Contemplando aquella horrible habitación, sentí parte del terror y la tristeza que debió de sentir mi madre cuando la obligaron a entrar allí para dar a luz en esa covacha. Qué sola debió de sentirse y, a la vez, cuán temerosa. Sin la luz del sol, sin aire fresco, tan sólo aquellos colores fríos contemplándola… un castigo por haber hecho algo malo.
—Tienes razón al llamarla «La Habitación Mala», tía Charlotte —dije. Luego recordé lo que me había dicho antes—. ¿Por qué te pusieron aquí?
—Porque también yo fui desobediente y tenía un bebé creciendo en mi vientre.
—¿Un bebé? ¿Y qué le sucedió? ¿Era un niño o una niña? —pregunté rápidamente.

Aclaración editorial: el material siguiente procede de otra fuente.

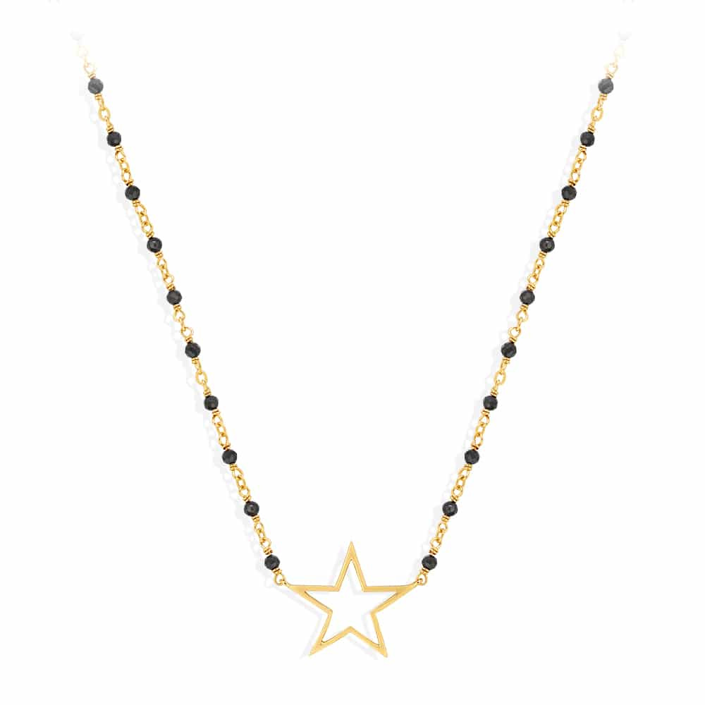ORUS BIJOUX - Collier argent doré étoile et pierre spinelle noire

—Un chico. Emily decía que el diablo se lo iba a llevar a su casa. Tenía la marca del diablo en la parte derecha de la nuca, aquí —dijo volviéndose y señalando el lugar.
—¿La marca del diablo?
—Ajá, ajá —dijo asintiendo con énfasis—. Parecía una pezuña y Emily decía que también le crecería una cola.

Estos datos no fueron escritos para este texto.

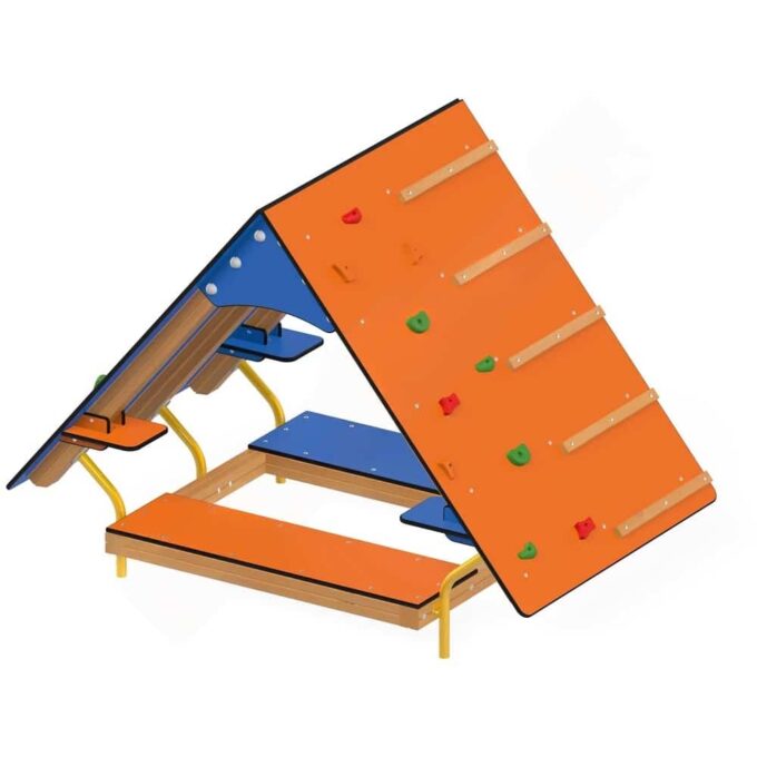 Das Kletterhaus ist zudem mit 2 Bänken und 4 kleinen Tischchen ausgestattet – ideal für gesellige Pausen und kreative Bastelstunden.

—Es mentira, tía Charlotte —le dije sonriendo—. En realidad no tuviste un bebé, ¿verdad?
—Oh, sí que lo tuve. Te enseñaré el lugar donde vivió un tiempo —añadió con tristeza.

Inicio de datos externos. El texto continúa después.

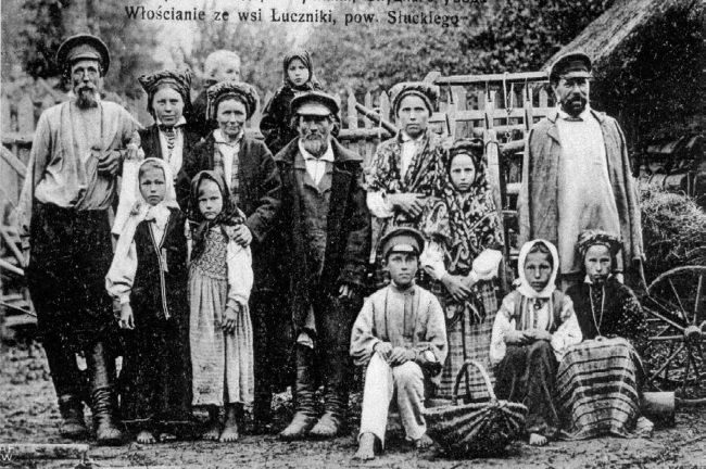 Крестьяне деревни Лучники Слуцкого уезда. Открытка начала ХХ в.

La seguí a través del pasillo. Mientras avanzábamos no pude dominar mi sensación de que alguien nos estaba siguiendo, pero cada vez que me volvía a nadie veía. ¿Sería porque la casa era tan grande y estaba llena de sombras por lo que yo tenía aquellas sensaciones?
Charlotte se detuvo y abrió la puerta de una habitación que al parecer antes había sido el cuarto de los niños. En el centro de la misma había una cuna y dentro una muñeca cubierta hasta la barbilla con una sabanita de color azul desteñido. Al verla sentí escalofríos. ¿De verdad tía Charlotte había tenido un niño o tan sólo era producto de su infantil imaginación?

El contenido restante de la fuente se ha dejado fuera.